# Kerry Ricks Reef



## Mandatory Fun (Dec 6, 2016)

Has anyone tried the Kerry Ricks reef?


----------



## Mandatory Fun (Dec 6, 2016)

Either nobody had tried to fish this one or everyone want to keep it hush-hush.


----------



## bfish (May 19, 2008)

Never heard of it is it new? Where is it?


----------



## Mandatory Fun (Dec 6, 2016)

It was a reef deployed in 2012 by AJs in destin. I didn’t see the numbers published on the FWC site so I guess that is why many people don’t know about it.


----------



## Mandatory Fun (Dec 6, 2016)

https://m.youtube.com/watch?v=w71iAj82fxA


----------



## FishinSpot (Oct 16, 2007)

I helped work on getting it ready a few years ago. Big barge. It was fun.
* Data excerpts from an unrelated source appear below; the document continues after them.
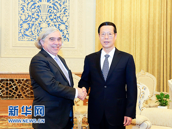 張高麗表示,當前中美關系總體保持穩定發展。雙方應繼續認真落實兩國元首達成的共識,加強溝通協調,拓展各領域交流合作,建設性地管控分歧,確保中美關系沿著構建新型大國關系的正確軌道向前發展。中美在能源、氣候變化等領域的合作取得了豐碩成果,形成了全方位、多層次的能源合作框架。希望雙方加強民用核能、電網建設、清潔能源、低碳城市等領域的務實合作,推動中美能源合作水平不斷邁上新臺階,為全球能源可持續發展和應對氣候變化作出貢獻。
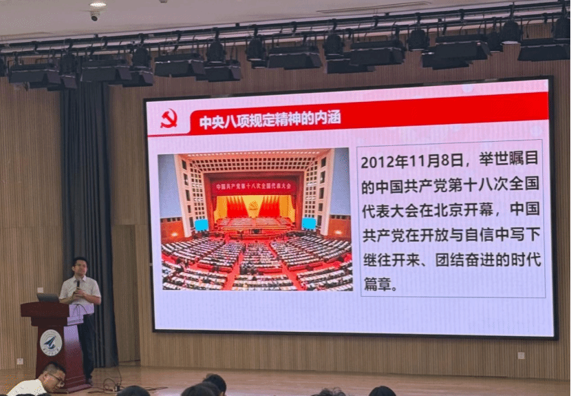 周绍东以《深入学习贯彻党的八项规定精神》为题,围绕坚定不移落实党的群众路线、坚决维护党中央权威、把民主监督和自我革命结合起来等六个方面,系统解读了习近平总书记关于加强党的作风建设的重要论述和中央八项规定精神实质、问题表现及具体要求。他表示,中央八项规定精神是贯穿党员日常工作生活的行动指南,关乎党的形象塑造,更承载着群众对党的信任与期待。对广大党员而言,遵守规定不是被动约束,而是主动践行使命、维护党的先进性和纯洁性的必然要求。
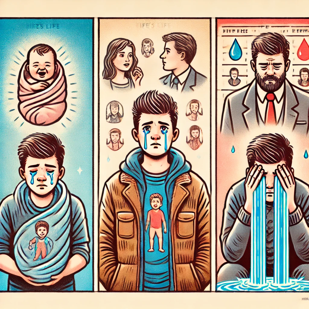 남자는 인생에서 세 번의 중요한 눈물을 흘리게 되며, 이 눈물들은 단순히 감정의 표현을 넘어서 각 시점에서 중요한 인생의 의미를 내포하고 있습니다. 첫 번째 눈물은 생명의 시작을 알리고, 두 번째 눈물은 청소년기의 감정적 성장과 변화, 세 번째 눈물은 성인이 된 후 직면하는 인생의 위기와 그 극복을 상징합니다. 이 세 번의 눈물은 남자가 감정적으로 성숙해가는 중요한 단계를 나타내며, 동시에 각 단계에서 자신을 돌아보고 성장하는 기회를 제공합니다.
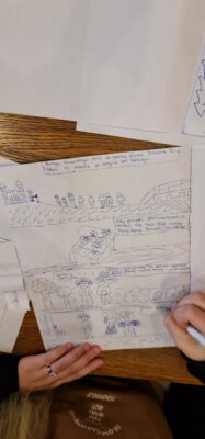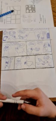 W poniedziałek, 7 listopada w Bibliotece odbyły się warsztaty komiksowe ze znaną polską autorką powieści – Joanną Jagiełło. W trakcie spotkania uczestnicy dowiedzieli się między innymi, w jaki sposób tworzy się komiksy i na co w trakcie tworzenia zwrócić uwagę. W drugiej części warsztatowej młodzież sama tworzyła swoje komiksy z losowo wybranymi bohaterami. Twórca komiksów musi wykazać się kreatywnością i wypracować swój własny styl rysowania. Być może wśród uczestników warsztatów jest przyszły autor rysunkowych historyjek. Dla przypomnienia, komiks to sekwencyjna historia obrazkowa, często z dodanym tekstem, publikowana w prasie lub w formie osobnych zeszytów, która wykształciła się jako odrębna forma wydawnicza na przełomie XIX i XX wieku z gazetowej grafiki satyrycznej. Najpopularniejsze i najbardziej znane komiksy na całym świecie to z pewnością serie o Supermenie i Batmanie, zaś w Polsce najpopularniejsza jest seria komiksów o Tytusie, Romku i A’Tomku autorstwa Henryka Chmielewskiego.
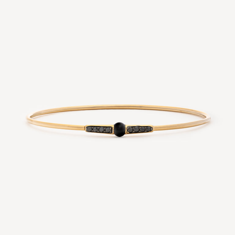 Bracelet en or jaune avec diamant noir central et petits diamants noirs.
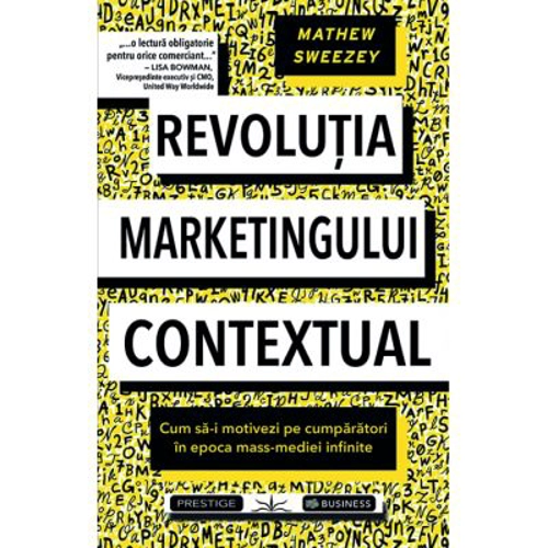 „O analiza profunda, actualizata si practica despre cum functioneaza marketingul in prezent.” — SETH GODIN, autor, This is Marketing „Daca sunteti in cautarea unei carti ce contine diagrame cu rate de conversie, palnii de vanzare si tabele cu rentabilitatea investitiilor, atunci nu ati gasit ceea ce cautati. Sweezey revine la aspectele asupra carora ar fi trebuit sa ne concentram pana acum: comportamentul uman, de ce consumatorii iau deciziile pe care le iau si de ce contextul conteaza mai mult ca niciodata.” — GEOFFREY COLON, Seful departamentului Brand Studio, Microsoft Advertising; autor, Disruptive Marketing „Prin Revolutia marketingului contextual, Mathew Sweezey ofera o harta a modului in care putem sa-i deservim pe consumatorii curenti inundati de media, in momentele care conteaza. Aceasta carte ar tre¬bui sa fie o lectura obligatorie pentru brandurile din categoria de top, scolile de business si membrii conducerii superioare ai companiilor de pretutindeni. Atat de fundamentala este!” — JEFFREY K. ROHRS, autor, Audience „Noii lideri de piata nu vor fi comercianti sau marci, ci clienti. Comerciantii care vor sa urmeze exemplul clientilor lor trebuie sa inceapa cu aceasta carte.” — DOC SEARLS, autor, The Intention Economy; coautor, The Cluetrain Manifesto „Daca recunoasteti si acceptati ca marketingul s-a transformat, ati par¬curs deja jumatate din drum. Aceasta carte va va ajuta sa parcurgeti restul drumului, sprijinindu-va sa decideti ce sa faceti in aceasta privinta. Sfaturi practice de la un practicant din lumea reala.” — DHARMESH SHAH, cofondator si CTO, HubSpot „Sweezey ofera un set de strategii detaliate despre cum sa faci mar¬keting modern, de la modul in care brandul si publicitatea trebuie sa se schimbe in era digitala pana la integrarea profunda a tehnologiei si a datelor care sa permita o scalare. Cumparati cate un exemplar pentru fiecare membru al echipei de marketing pentru a va trans¬forma relatia cu clientii.” — CHARLENE LI, fondator si analist senior, Altimeter, Prophet Company; autor de bestseller conform New York Times, The Disruption Mindset INTR-O LUME CARACTERIZATA DE ZGOMOTUL NELIMITAT AL MASS-MEDIEI, OARE CUM AR PUTEA AFACERILE SA AJUNGA LA CLIENTI? PRIN CONTEXT. Suntem in mijlocul unei ample revolutii media. Pentru prima data in istorie, oamenii obisnuiti din intreaga lume au puterea de a crea, distribui si consuma continut; si asta imediat, de oriunde s-ar afla, folosindu-si dispozitivele. Cresterea masiva in ceea ce priveste „zgomotul” creat de acesti consumatori si de dispozitivele lor creeaza o situatie complet noua ce face ca marketingul conventional sa para invechit. Dar chiar si asa, nenumarate companii si structuri de marketing continua sa se bazeze pe modelele traditionale, considerand ca actiunile lor vor domina clientii. Si nu fac altceva decat sa se insele. In aceasta carte, deopotriva provocatoare si practica, Mathew Sweezey, expert Salesforce, subli¬niaza intr-un mod indraznet noua era a „mass-mediei infinite” si pune o intrebare inteleapta: Intr-o lume in transformare, in care clientii isi construiesc propriile experiente, care este cheia de a trece peste acest obstacol si de a-i motiva sa cumpere? Este contextul - legatura stransa dintre dorintele individuale imediate ale consumatorului si experientele pe care un brand le creeaza pentru a le indeplini. Bazandu-se pe cercetari noi si analize privind psihologia consumatorului, Sweezey defineste cinci elemente-cheie ale contextului. Experientele clientilor trebuie sa fie: • Disponibile: Cum sa ajuti oamenii sa obtina valoarea pe care o cauta in acel moment. • Permise: Cum sa le oferi oamenilor ceea ce au cerut, in conditiile lor. • Personale: Trecerea de la cat de personala este o experienta la cat de personal o poti livra. • Autentice: Cum sa combini vocea, empatia si conventiile brandului. • Practice: Cum sa creezi o legatura puternica cu brandul, dincolo de produs. MATHEW SWEEZEY foloseste exemple concrete pentru a sublinia un nou model de marketing, folosit in egala masura de brandurile mari si mici. Cartea cuprinde si o parte practica, asemenea unui manual pentru marketingul bazat pe context. Revolutia marketingului contextual va schimba pentru totdeauna modul in care gandesti despre scopul si aplicarea marketingului. Sweezey este Directorul Departamentului de Marketing al Salesforce. Cercetator, cugetator, cu numeroase premii la activ, dar si scriitor apreciat, munca lui apare in publicatii de top ca AdAge, Forbes, Brand Quarterly, The Economist si The Observer. Este autorul Marketing Automation for Dum mies. Tine conferinte in intreaga lume si lucreaza cu cele mai mari si res¬pectate branduri de pe mapamond, incluzand UPS, Home Depot, AT&T si Dell.
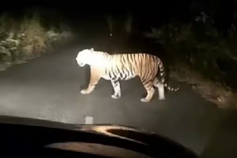 बीच सड़क चहलकदमी करता दिखा बाघ
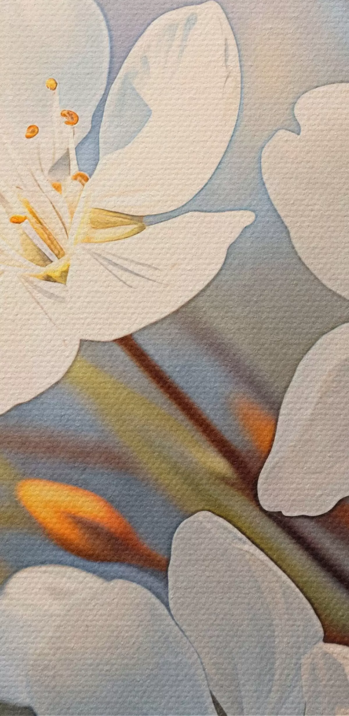 Immagine Fiori di ciliegio bianchi strutturati in stile acquerello, petali delicati, stagione primaverile Nr r44859
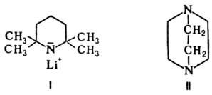 Основания органические иногда используют для активации металлоорг. соединений. Напр., активность бутиллития значительно повышается в присут. 1,4-диазабицикло[2.2.2]октана (ДАБЦО; II) или тетраметилэтилендиамина (ТМЭДА), что объясняется координацией N-атомов этих соед. с ионом лития, к-рый таким образом отделяется от карбаниона и не так сильно нейтрализует его отрицат. заряд.
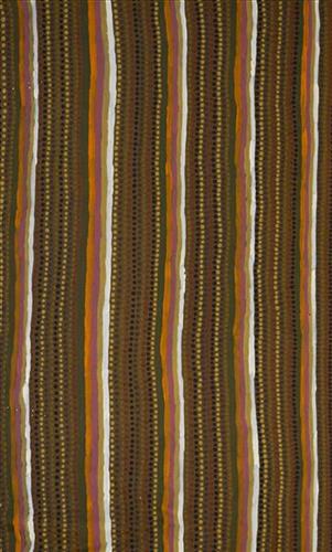 This artwork showcases the artist’s skillful use of colour, texture, and technique, reflecting a deep connection to their environment and culture. Each detail embodies the unique identity of Bidyadanga Artists, where the original five language groups—Nyangumarta, Mangala, Yulparija, Juwaliny, and Karrajarri—come together to create art that speaks to the heart of Country. Over time, the community and Art Centre has grown to include people from other Kimberley tribes, fostering a space where diverse cultural knowledge and practices come together. Situated where the desert meets the sea, artists draw inspiration from their ancestral Country and personal journeys. The artist captures the vibrant beauty of both desert and coastal landscapes, blending earthy reds, deep blues, and intricate patterns distinctive to their cultural heritage. The themes and composition invite viewers into the artist’s world, offering a glimpse of the rich, intertwined histories and the enduring connection to land and spirit that define the Bidyadanga community.
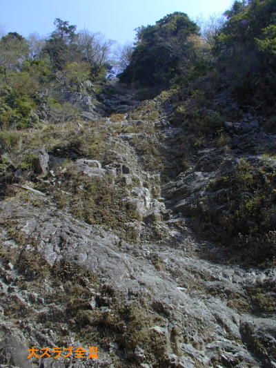 堂平からの林道を自転車で降りてくると、いつも気になっている大スラブが上部に見える。
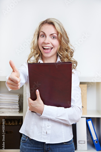 Frau mit Bewerbungsmappe hält Daumen hoch
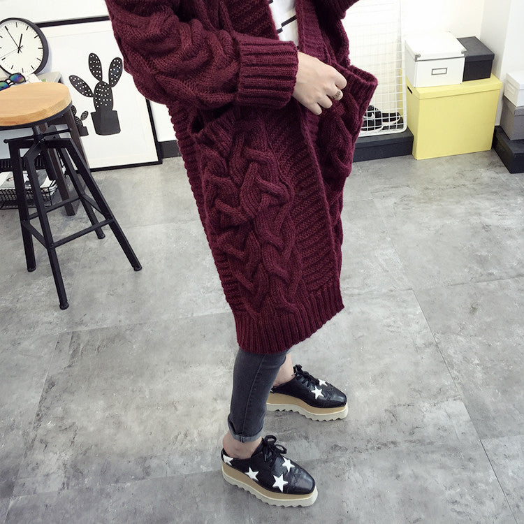 One Size Long Casual Long-Sleeve Cardigan - Red
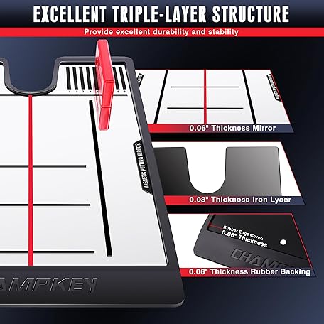 CHAMPKEY Magnetic Putting Mirror - Alignment Putting Aid for Golf - Professional Putting Thing with Golf Gates Ideal for Indoor and Outdoor Training
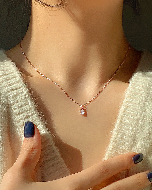 [무배] 실버925 로즈골드 물방울 큐빅 팬던트 목걸이
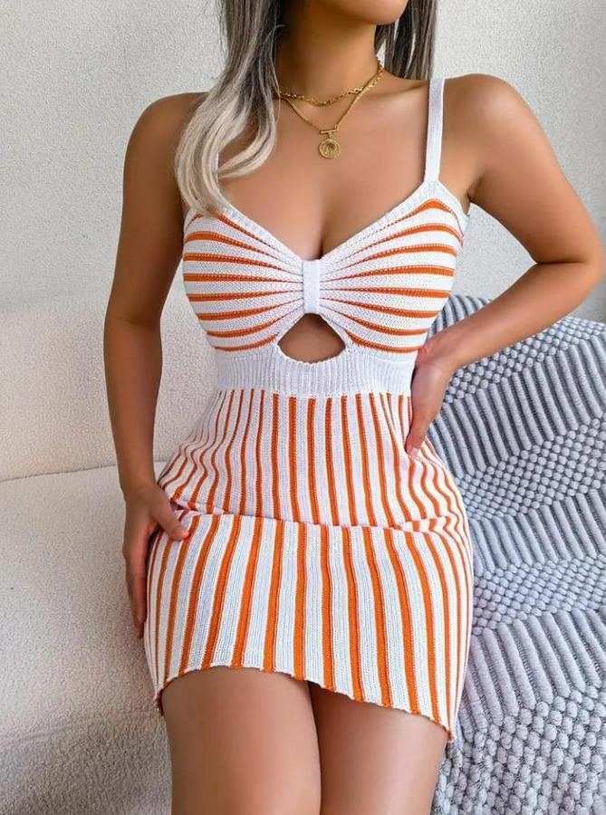 Kadın Kolsuz Askılı Pencere Detay şerit Desen Mini Triko Elbise
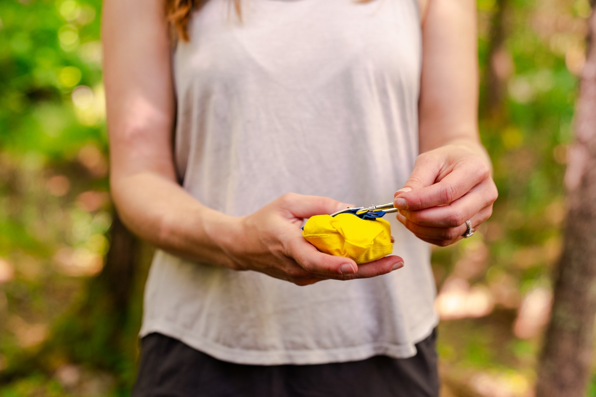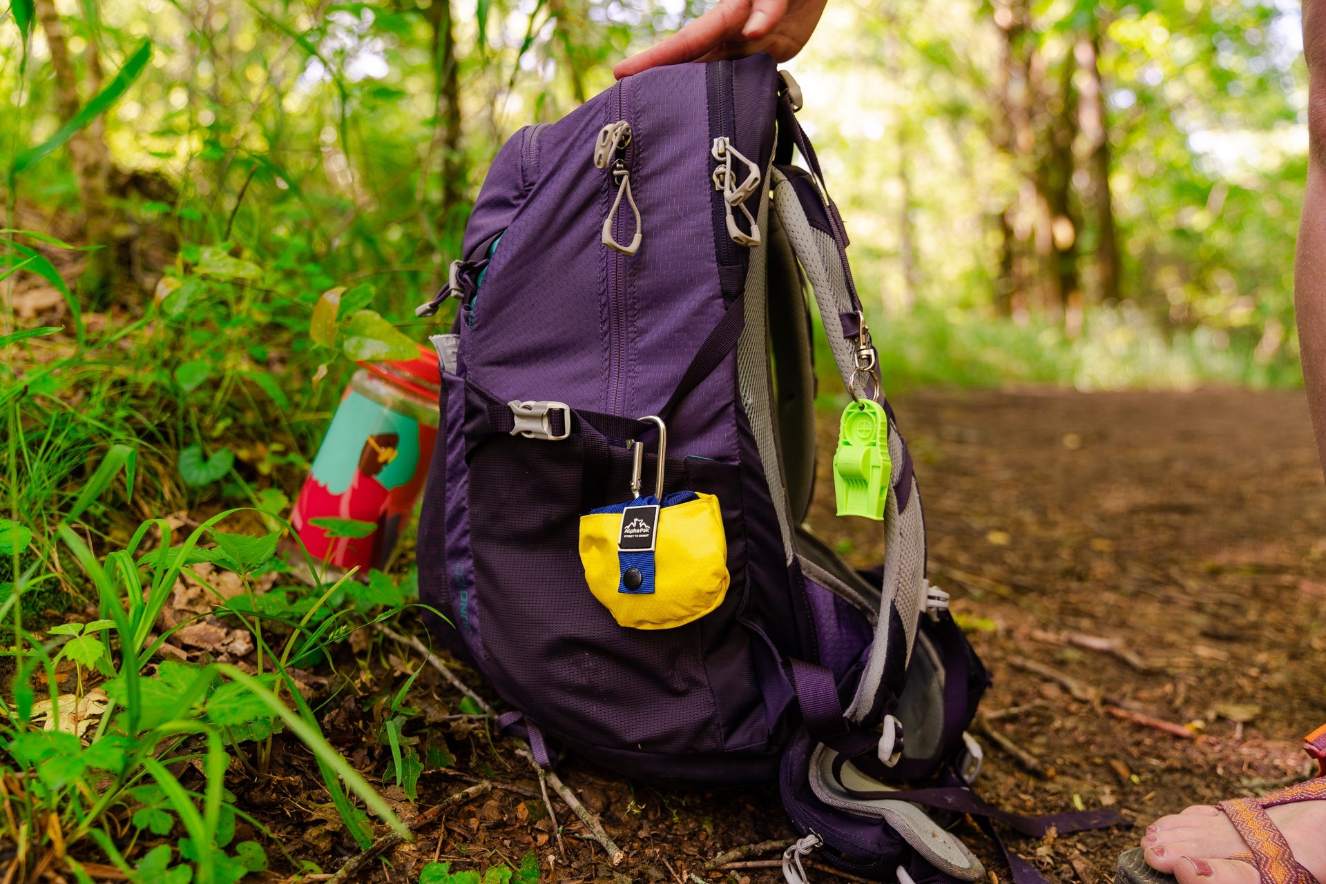 - Small carabiner to hook onto yours or your dog's pack

I haven’t dove or fished it though.


----------



## Sea-r-cy (Oct 3, 2007)

I got to work on the barge, and rode it out for deployment. Great fun. Here's the link to the numbers. http://www.ecreef.org/AJs_Kerry_Ricks_Pages/AJs_GPS.htm

3009.473 X 8624.417


----------



## Mandatory Fun (Dec 6, 2016)

I had the coordinates. I was just curious if anyone had any recent experience there. Diving or fishing.


----------